[MD] Probability

Ham Priday hampday1 at verizon.net
Tue Jul 11 13:31:12 PDT 2006


Hi Platt --


> Thanks for the reference. Yes, there is much of what
> you say about Value that is compatible with the MOQ,
> especially this: " . . . valuistic experience (is) the
> essence of all awarenesss." and this: " . . . man's
> existence is value-oriented; he is a valuistic creature."
> But whereas you say Essence underlies reality,
> Pirisg says Quality not only underlies reality but,
> in essence, is reality.

You know my position on esthetic values, Platt, so I don't have to explain
why a value like Quality cannot be the primary source.  Yet, while we can't
experience the "uncreated" source directly, I've tried to show that its
"value" is what we all seek in life.  This is the equivalent of saying "we
want its essence for ourself."  In a metaphysical sense, Essence is the
object of our desire.  We sense its value incrementally or relationally in
the properties and qualities of an otherness we do not possess and make them
the "sensible" part of our experience.  At the same time, our intellect (the
cognizant function of the brain) integrates and logs these sensations as
specific "things" in memory, positioning them in an orderly space/time
system that correlates with everybody else's "reality".
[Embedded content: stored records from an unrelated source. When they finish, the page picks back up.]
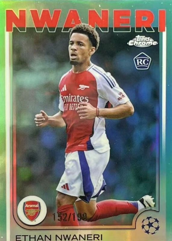 This card is 1 of 48 Ethan Nwaneri's card variations in the 2024 Topps Chrome UEFA Club Competitions set being tracked by Sports Card Investor, including Base, Geometric Refractor, Hongbao Red Refractor, Magenta Shimmer Refractor, and Pulsar Refractor.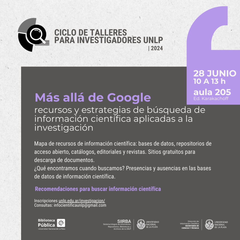 → Taller 3: Más allá de Google: recursos y estrategias de búsqueda de información científica aplicadas a la investigación del Ciclo de talleres para investigadores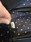 The Kate Spade Prince Street Blakely Tote WKRU0367 is a stylish and spacious tote bag designed for women. It features a solid pattern with a combination of nylon and leather exterior in black, accented with gold hardware. The tote has double handles for easy carrying and a charming navy lining with gold dots. With its large size and elegant design, this tote is perfect for everyday use or special occasions, showcasing the classic and sophisticated style that Kate Spade is known for.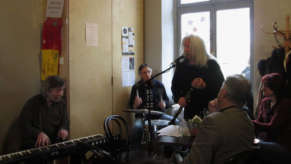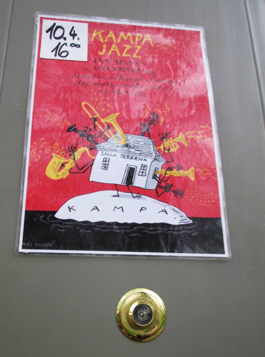 Unavení a prochladlí jsme už chtěli procházku po jarní Kampě skončit, když před námi cedule na malém domečku u Sovových mlýnů - KAMPA JAZZ od šestnácti hodin. Naštěstí je to místo trochu odlehlé a ukryté před nájezdy zahraničních tlup. Uvnitř bylo útulno a taky narváno. Mezi malostranskými usedlíky zřejmě oblíbená kulturní rozkoš. Takže se tam prostě téměř všichni znali. My byli přivandrovalci. Ze všeho udivení a nadšení. I z fantastického domácího ořechového perníku. Ale hlavně z muziky.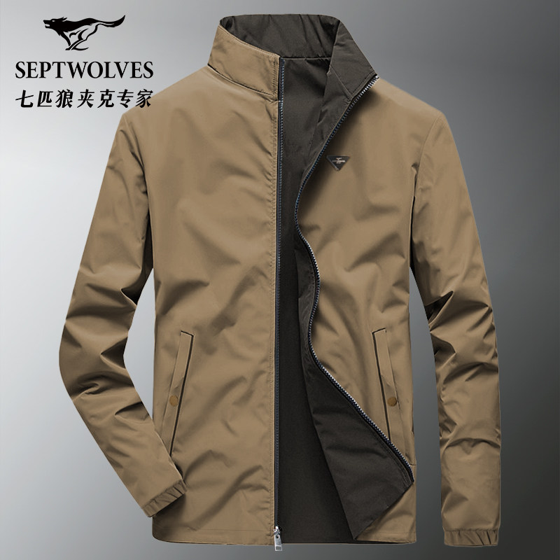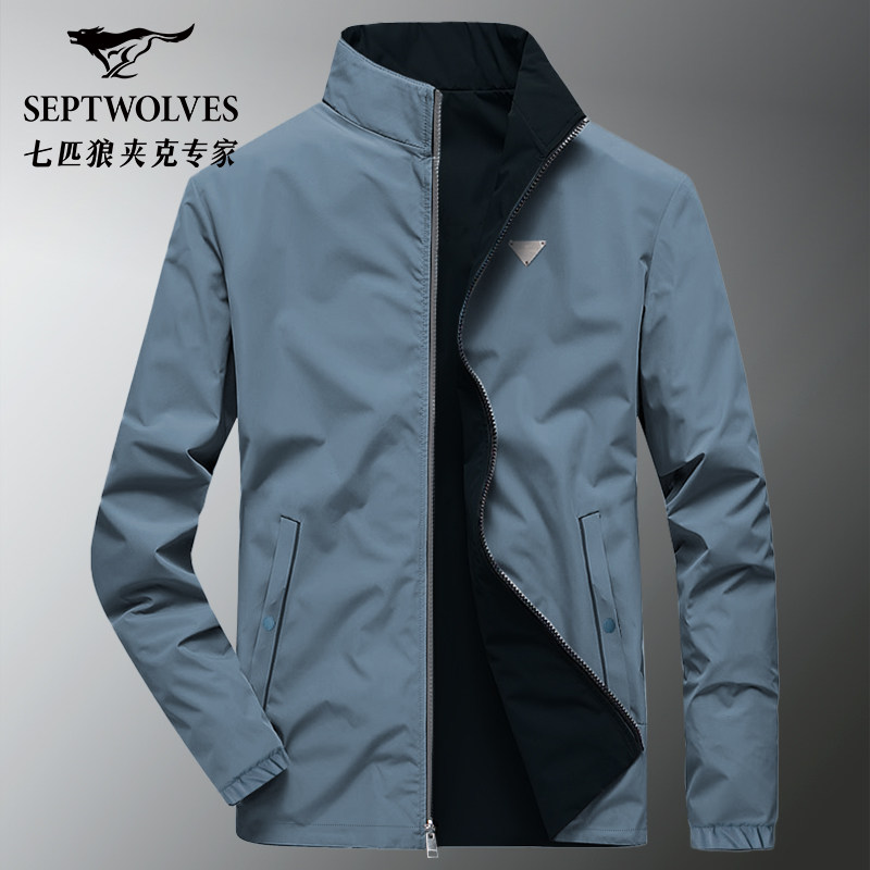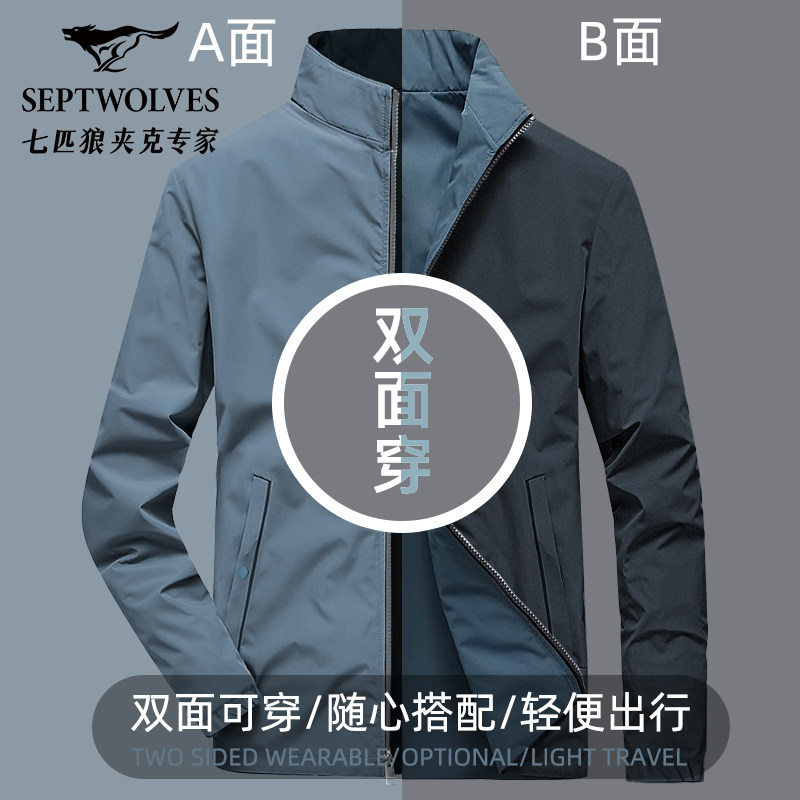 七匹狼夹克男装外套秋冬新款商务休闲梭织立领双面穿单茄克衫衣服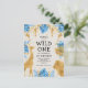 Boys 1st Birthday Party Blue Ecru Safari Invitation Postcard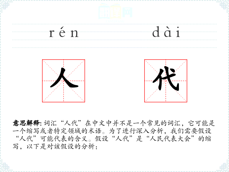 词汇“人代”在中文中并不是一个常见的词汇,它可能是一个缩写或者特定领域的术语。为了进行深入分析,我们需要假设“人代”可能代表的含义。假设“人代”是“人民代表大会”的缩写,以下是对该假设的分析: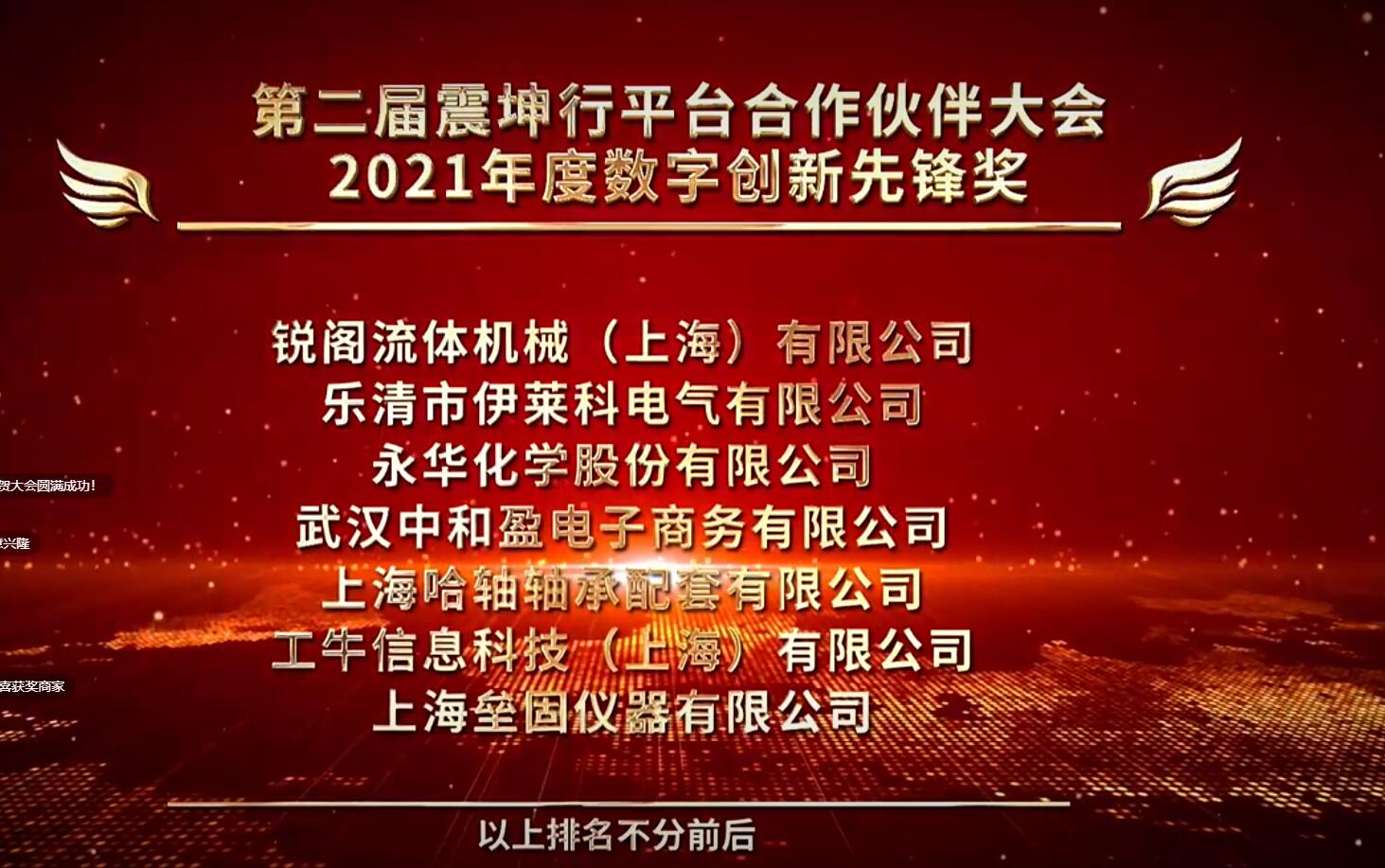 2022年1月6日(rì),第二届震坤行平台合作伙伴大会在震坤行视频号线上直播(bō),永华化学(xué)股份有限公司获评2021年度数字创新先锋奖。我司副总经理宗晓雷对此次(cì)大会发表贺词。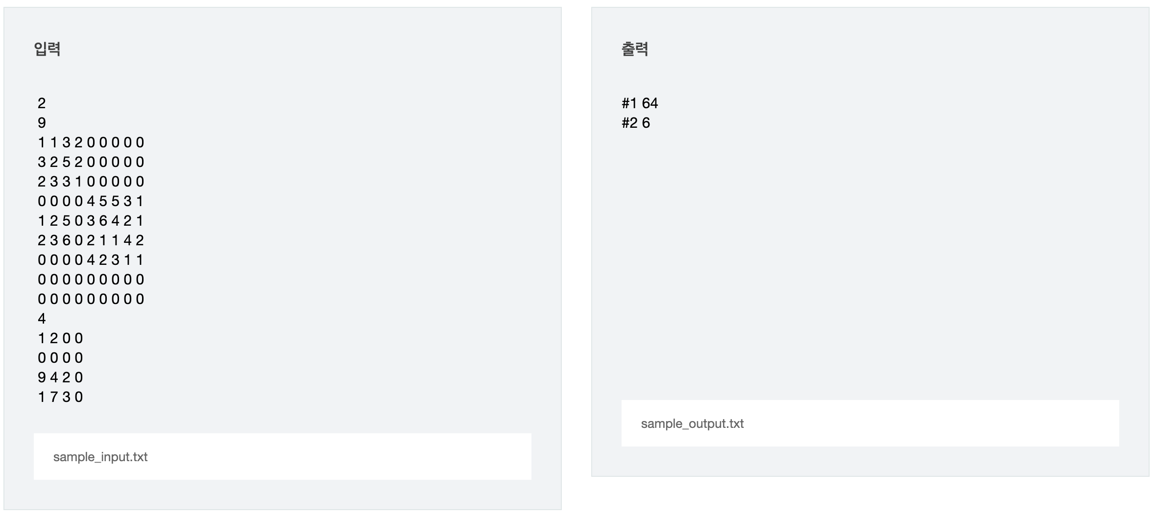 각 테스트 케이스는 (n+1) 줄로 구성되며, 첫 줄에는 양의 정수인 n이 주어지고, 다음 n줄에는 n x n 행렬이 (각 행이 한 줄에) 주어진다.

The form or "appearance" of reality as "being" is universal; otherwise we
couldn't communicate and co-function intelligently in a civilized world.
But the value of reality isn't its beingness, and this is where our
intellect deceives us.  The value we sense represents that which we do not
possess but can only apprehend as a differentiated otherness.  The human
brain takes these sense impressions (sensibilia) and constructs a
three-dimensional physical world out of them.  Inasmuch as every human brain
works essentially the same way, the world we create has universal
correspondence.  But the source of the self/other dichotomy that presents
objects and their relative values to the individual subject is neither an
object nor a value.  It is Absolute Essence.

[Platt]
> Also, nowhere in your essay did I detect your connecting
> values with morals which, of course, Pirsig does.  Finally,
> when you get to the "logic of double negation" I'm lost
> despite your valiant attempts in the past to enlighten me
> That's just one hurdle that for whatever reason I cannot leap.

No problem, Platt.  Negation is a hypothesis to explain the "self" as a
non-essence.
Because I maintain that Essence is absolute and immutable, it cannot
logically be divided into proprietary awareness(es).  A "level" or "pattern"
of Essence is an oxymoron.  I've concluded that self-awareness has no
essence of its own, that it is created as a negation of Absolute Essence,
and that it borrows the "beingness" of the other (its essential complement)
for its autonomous existence.

But, as some wise person has often said, I could be wrong.